TO DO: Without changing a word, copy every line of the listing below and leave out the images.

SOURCE DATA:
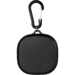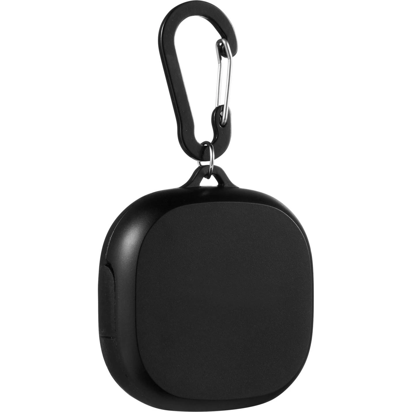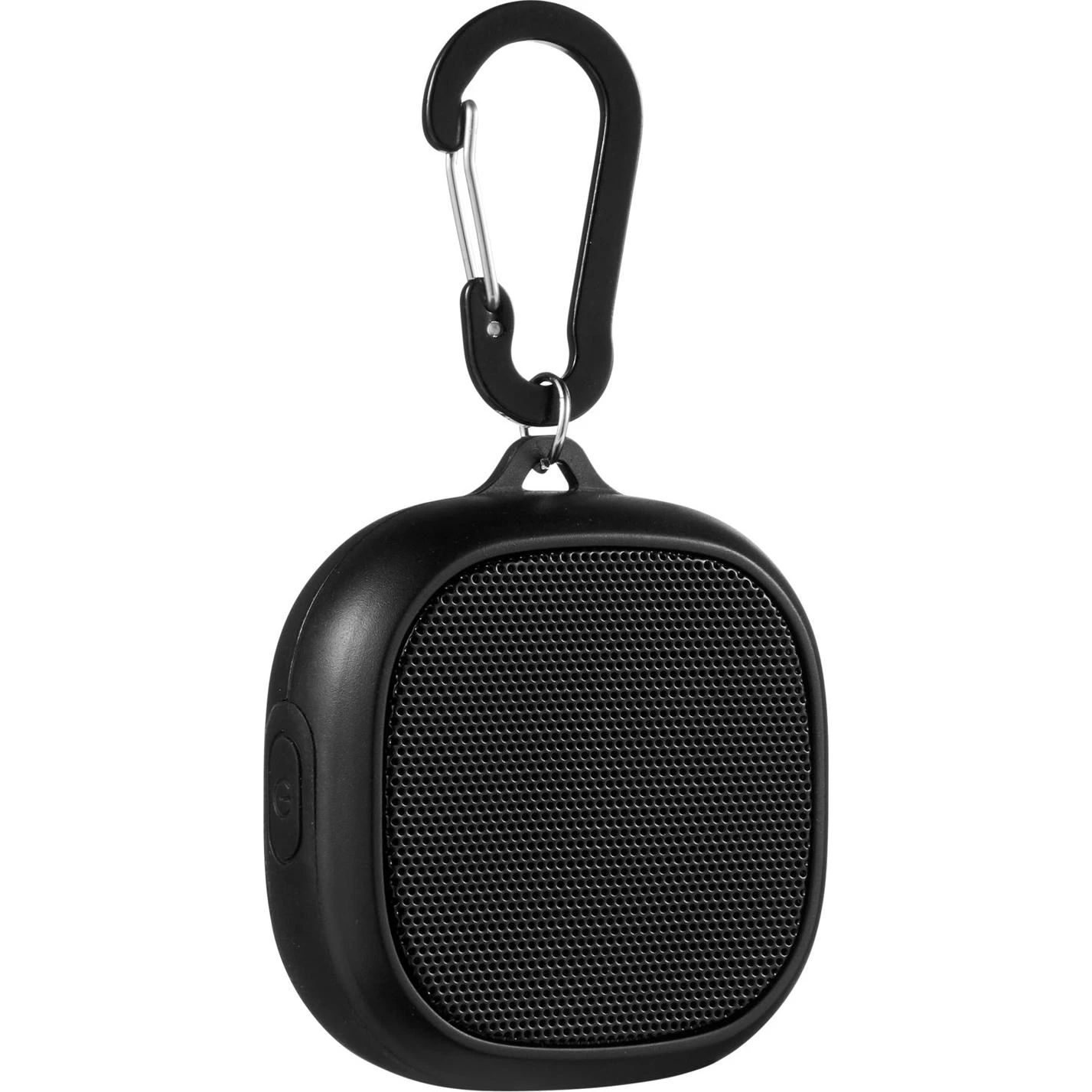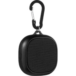 ABS plastic. Wireless version 5.0 with rechargeable 300mAh lithium polymer battery. 3W speaker output. Approximate 30-foot wireless range. USB-C charging cable included. Features a carabiner clip that can be attached to your backpack or bag.
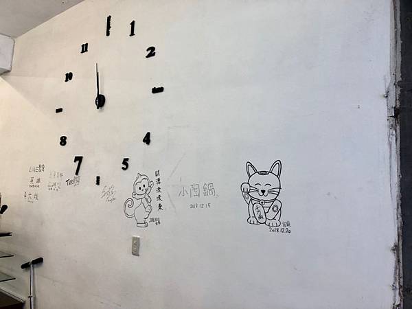 店裡牆上有一些小裝飾還有一個大鐘,中午12點開門到下午2點,晚上5點到早上凌晨24點。
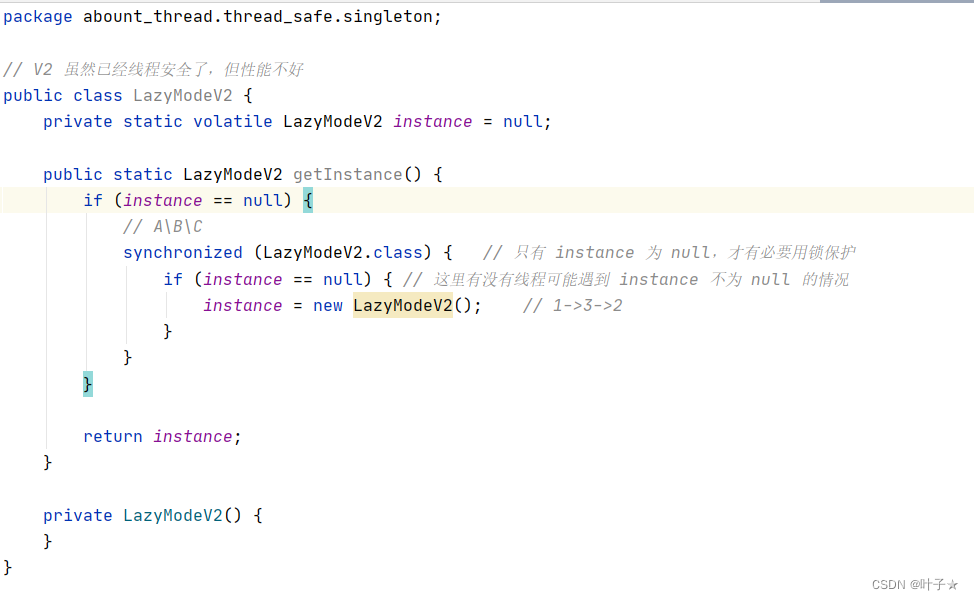 其懒汉模式实现如下:假如多个线程走先判断对象没有实例化,对类加锁(一个线程持有锁,但这是不知道是否实例化),所以要再判断是否实例化,没有实例化进行实例化,实例化了就返回对象,这里volatile就是要确保实例化正确。

ANSWER BELOW:
 ABS plastic. Wireless version 5.0 with rechargeable 300mAh lithium polymer battery. 3W speaker output. Approximate 30-foot wireless range. USB-C charging cable included. Features a carabiner clip that can be attached to your backpack or bag.
 店裡牆上有一些小裝飾還有一個大鐘,中午12點開門到下午2點,晚上5點到早上凌晨24點。
 其懒汉模式实现如下:假如多个线程走先判断对象没有实例化,对类加锁(一个线程持有锁,但这是不知道是否实例化),所以要再判断是否实例化,没有实例化进行实例化,实例化了就返回对象,这里volatile就是要确保实例化正确。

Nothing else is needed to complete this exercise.